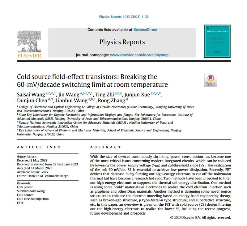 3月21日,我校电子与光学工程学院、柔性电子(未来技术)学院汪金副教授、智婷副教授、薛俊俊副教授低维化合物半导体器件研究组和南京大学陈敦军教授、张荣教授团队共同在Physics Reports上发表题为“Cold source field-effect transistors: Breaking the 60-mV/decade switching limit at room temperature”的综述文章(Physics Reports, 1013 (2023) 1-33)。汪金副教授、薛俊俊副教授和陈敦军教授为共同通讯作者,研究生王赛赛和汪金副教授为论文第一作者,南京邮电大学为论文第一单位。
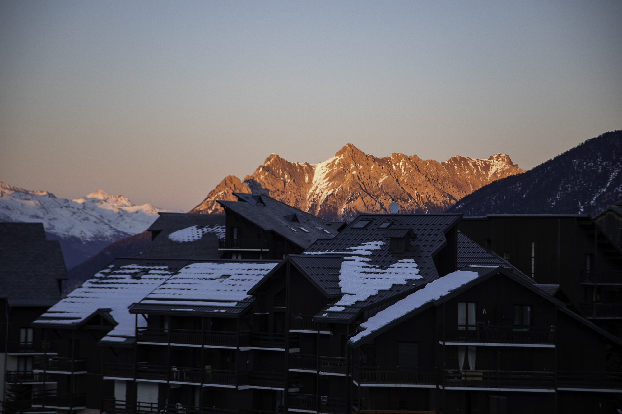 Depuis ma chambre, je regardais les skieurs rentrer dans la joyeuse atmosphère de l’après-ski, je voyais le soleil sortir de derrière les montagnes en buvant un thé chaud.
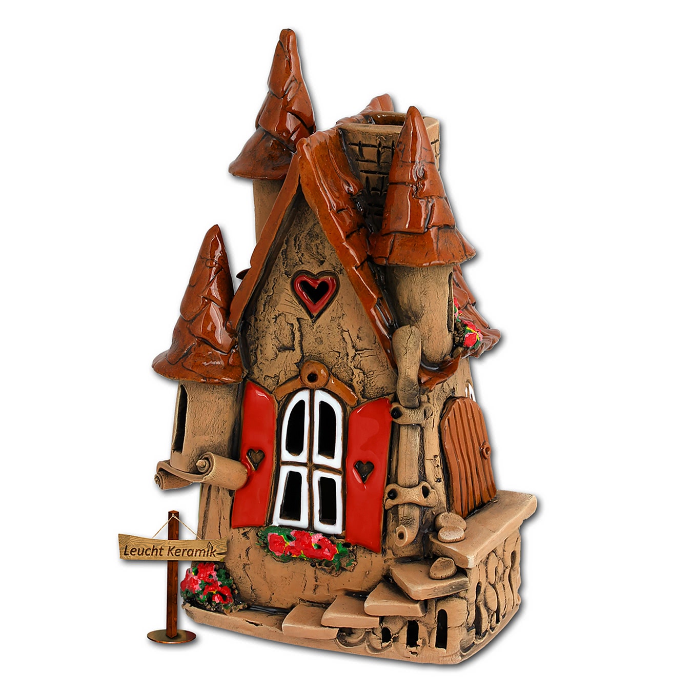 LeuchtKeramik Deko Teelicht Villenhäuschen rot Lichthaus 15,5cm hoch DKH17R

▶ [Task instructions]: Starting at the line that holds "Depuis ma chambre, je", copy each line exactly through the end of the material above, keeping both ends and dropping the pictures.

▶ [Answer for this exercise]:
 Depuis ma chambre, je regardais les skieurs rentrer dans la joyeuse atmosphère de l’après-ski, je voyais le soleil sortir de derrière les montagnes en buvant un thé chaud.
 LeuchtKeramik Deko Teelicht Villenhäuschen rot Lichthaus 15,5cm hoch DKH17R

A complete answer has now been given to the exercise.